Netherton smiled, unhappy that she remembered his first name, then opened and held the shop door for Lowbeer. He followed her out, an antique bell jangling after them.
“I do still wish she hadn’t married that truly awful man,” said Lowbeer, Netherton recalling that Fearing was the widow of a long-dead MP, Clement Fearing, a figure from the jackpot whom Lowbeer viscerally despised.
“Your younger self in the county couldn’t find what she found?” Netherton asked.
“No.”
“Let me try in the county, then.”
“Anyone in mind?”
“Not yet,” Netherton said, though really he was thinking of Flynne’s friend Janice’s husband, Madison, an obsessive researcher of vintage Russian military aircraft.
“Please do,” said Lowbeer. “Now home to your little man, shall we?” She snapped her fingers, causing her car to decloak.
17
MIG
What did you just do?” Virgil asked, at the foot of the stairs to Caitlin’s tree-fort trailer. “Our team’s gone into crisis mode, but Stets just wants me to get you out of here. Haven’t been briefed yet on what’s happened.” He was holding what appeared to be a large hooded onesie, dingily white.
“Something about Singapore,” Verity said, “but it doesn’t have that much to do with getting me out.”
He stared at her. “Singapore.” Not a question.
“What’s this?” she asked, looking at the grubby white garment.
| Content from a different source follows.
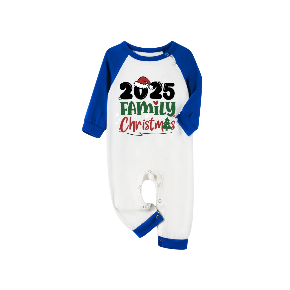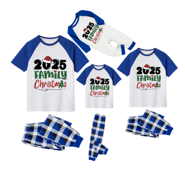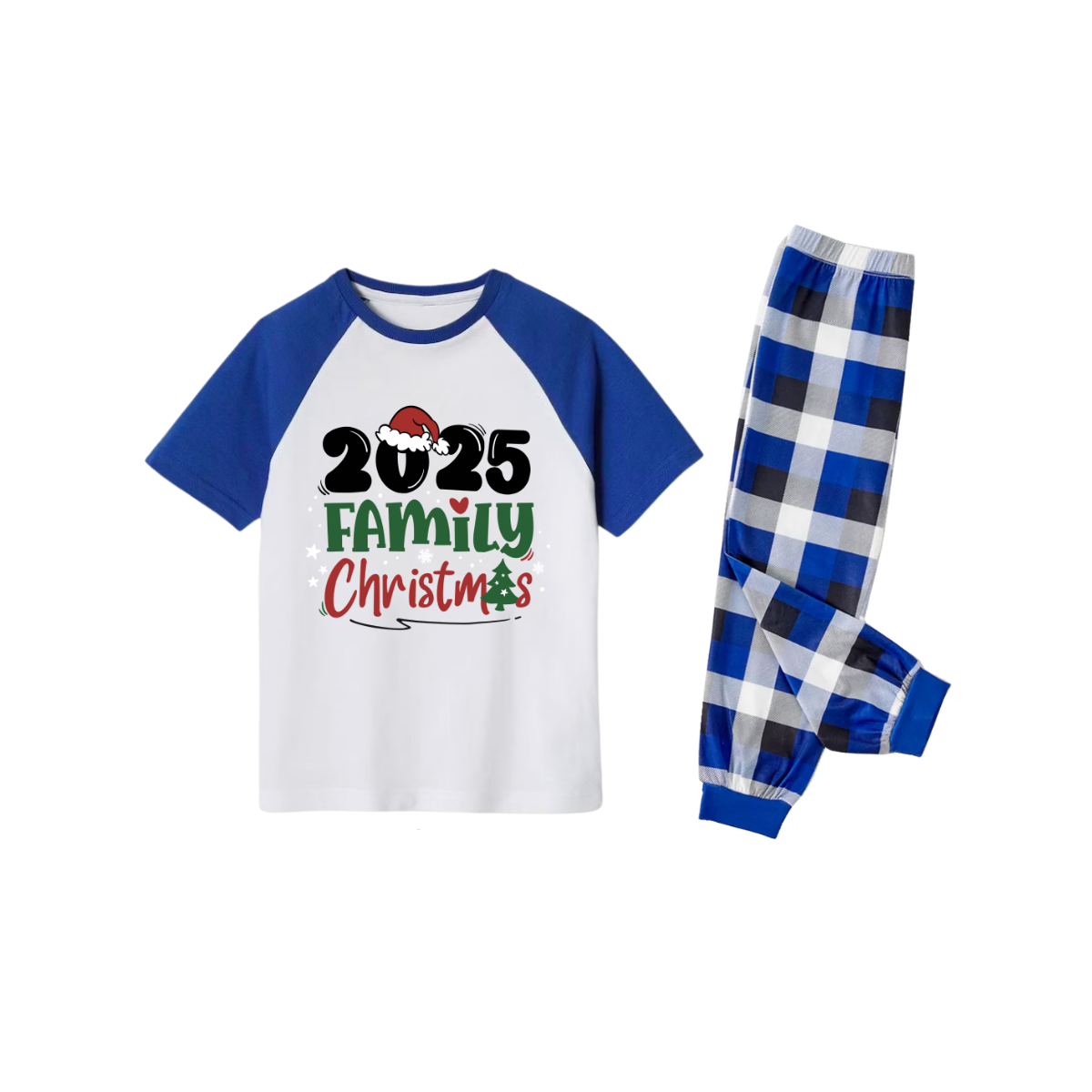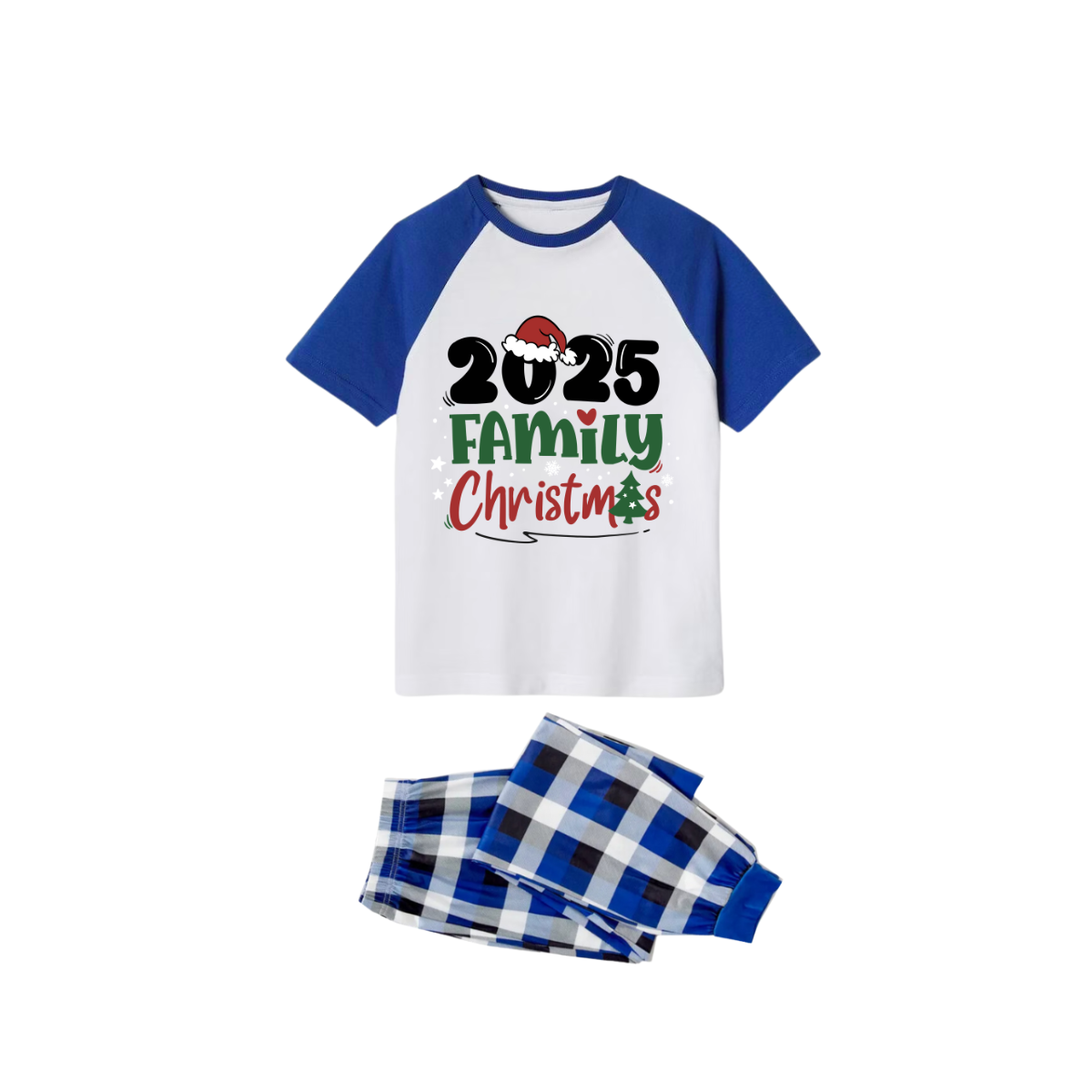 2025 Family Christmas Pajamas Set - White Top Blue Sleeves Blue Plaid Pants Green and Red Text Graphic

“Silicosis suit,” he said. He was wearing a safety vest and a fluorescent pink construction helmet. The suit he held seemed made of some cousin of Tyvek, with elasticized bootees of the same material. “Keeps the dust out. Put it on. I’ll help you.”
“Dust?”
“Marble dust. Tru
ck’s in the garage. We use it to haul the stuff to a salvage yard in San Jose. Media know the truck, know the yard. So they’ll expect it to go there. Instead, we pull into a brake and muffler near here, on Eleventh, like we’ve got a problem. Back partially into one of the bays. Guys check under our front end while I let you out the back, out of sight. Get you out of the suit, and this,” handing her a goggled mask, muzzled with twin filtration units. “In the next bay, your PA has a vehicle waiting. You leave, immediately, and someone else drives to San Jose.”
The name PACO had been written across the mask’s forehead, with a silver paint pen, in faux-runic caps.
“Do I have to wear this?”
“Dust hazard’s real, but it also reduces the chance of you being recognized. Any hint you’re still involved with Stets would be Christmas for the tabloids. Want help with it?”
She managed by herself. It smelled, inside, of something synthetically fruity. He pulled up the suit’s white hood, cinching its edges down around the mask.
And then into the elevator, Eunice offering no thumbnails. “Butt-ugly,” Verity said, noticing the fleshy pink marble floor for the first time.
“We’ll replace it,” he said, behind her, “when the rest is out. The place was all like this.”
“Who owned it?” The door closed behind him and they began to descend.
“Stets bought it from a numbered corporation in the Bahamas. I thought he’d made a mistake, first time I walked in, but then they gave me a VR fly-through of Caitlin’s rebuild.”
A single thumbnail opened. Him again, the one she’d seen in the Fiat on Valencia, who’d then brought the pillow full of hundreds to Joe-Eddy’s. “Sevrin,” Eunice said. “Severin but minus the second e.” Seen now in what might be a passport photo, clinically unsmiling. Head almost shaven, with a tight little goatee she didn’t remember him having. “He’s in the muffler shop, to pick you up.” The elevator was slowing. The thumbnail blinked out.
“You’ll see the truck,” Virgil said. “Only vehicle there. Left rear door’s open, step up on the milk crate, step in, close it behind you. I’ll be with the crew who’re there, giving them something else to think about, then I’ll check that the rear door’s shut, drive us out.”